Growing up as an EAL speaker in Australia
- Serena Yang
- Sep 24
- 2 min read
Updated: Oct 12

When Serena arrived in Australia in 2012, she came alone. A teenage girl in a new country, barely speaking a word of English. She still remembers her first day at Avalon College, the language school she attended. Everyone was given burgers for lunch. She wanted to say no, but couldn't find the words. That moment, standing there, stomach grumbling, hands trembling, and voice caught somewhere in her throat.
Later that year, in year nine English, her class was asked to analyse Shakespeare's language in Romeo and Juliet. Serena had no idea what it meant but gave it her best shot. When she stood up in front of the whole class with her 'Wikipedia' language analysis, read it out with a thick accent but the tiniest voice. The world fell silent. Her teacher removed her glasses, looked straight at her, and asked:
"What are you talking about?"
It was one of the most humiliating moments in her life, and yet, it became the starting point of her journey towards finding her voice.

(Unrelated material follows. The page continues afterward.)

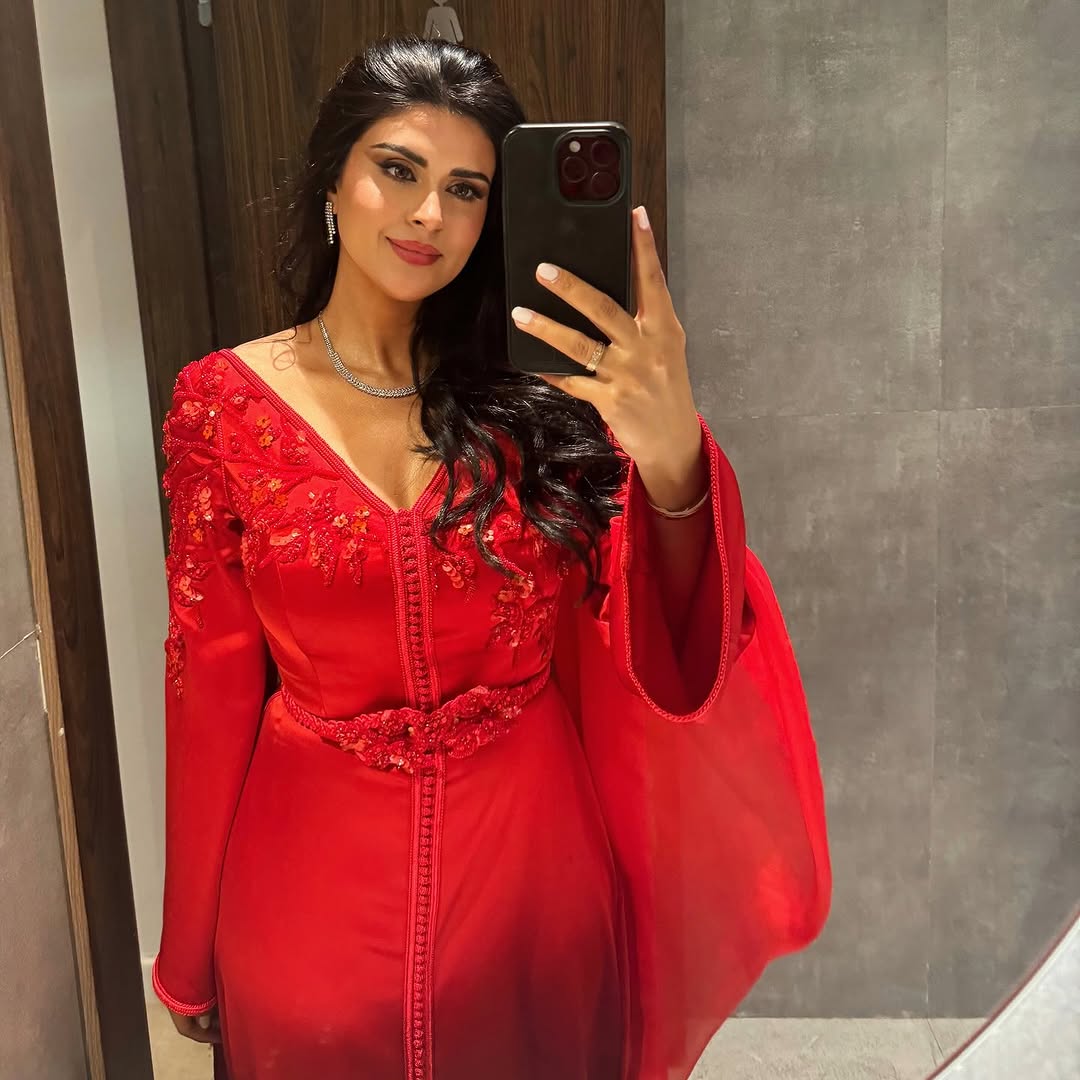 واختارت قفطانًا مغربيًا عصريًا باللون الأحمر الجريء، مما أضفى على إطلالتها مزيجًا من الأناقة التي توازن بين الأصالة والمعاصرة.
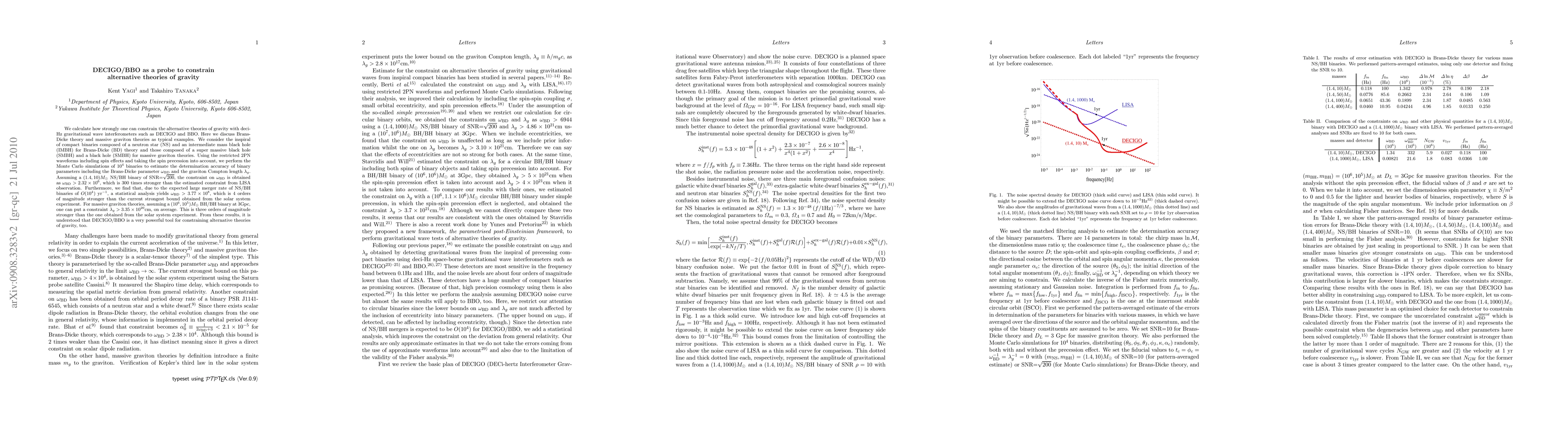 This paper evaluates the capability of deci-Hz gravitational wave interferometers like DECIGO and BBO to constrain alternative gravity theories, specifically Brans-Dicke and massive graviton theories. The results show that DECIGO/BBO can significantly improve the constraints on these theories, providing orders of magnitude stronger bounds than current solar system experiments.

Serena had started paying closer attention to how the local kids spoke. 'Hello' was not 'hello', it was 'hellor'. And 'no' was not 'no', it was 'naur'.
Turned out her English teachers in China had been teaching her the wrong thing this whole time!
Every time before she wanted to say something, her brain went into overdrive. First, think it in Mandarin. Then, flip it around, nouns and time and all. Then, slowly let the words crawl out of her mouth in English.
'Morning good is good morning', she reminded herself.
But the true horror? Answering the phone.
Every call felt like a high-speed rollercoaster she didn't buy tickets for.
'Hi, I'm Susan from Telstra, I am calling today regarding your payment for your SIM card.'
'Sorry, where?'
She was already lost completely after the third word.
That was not it.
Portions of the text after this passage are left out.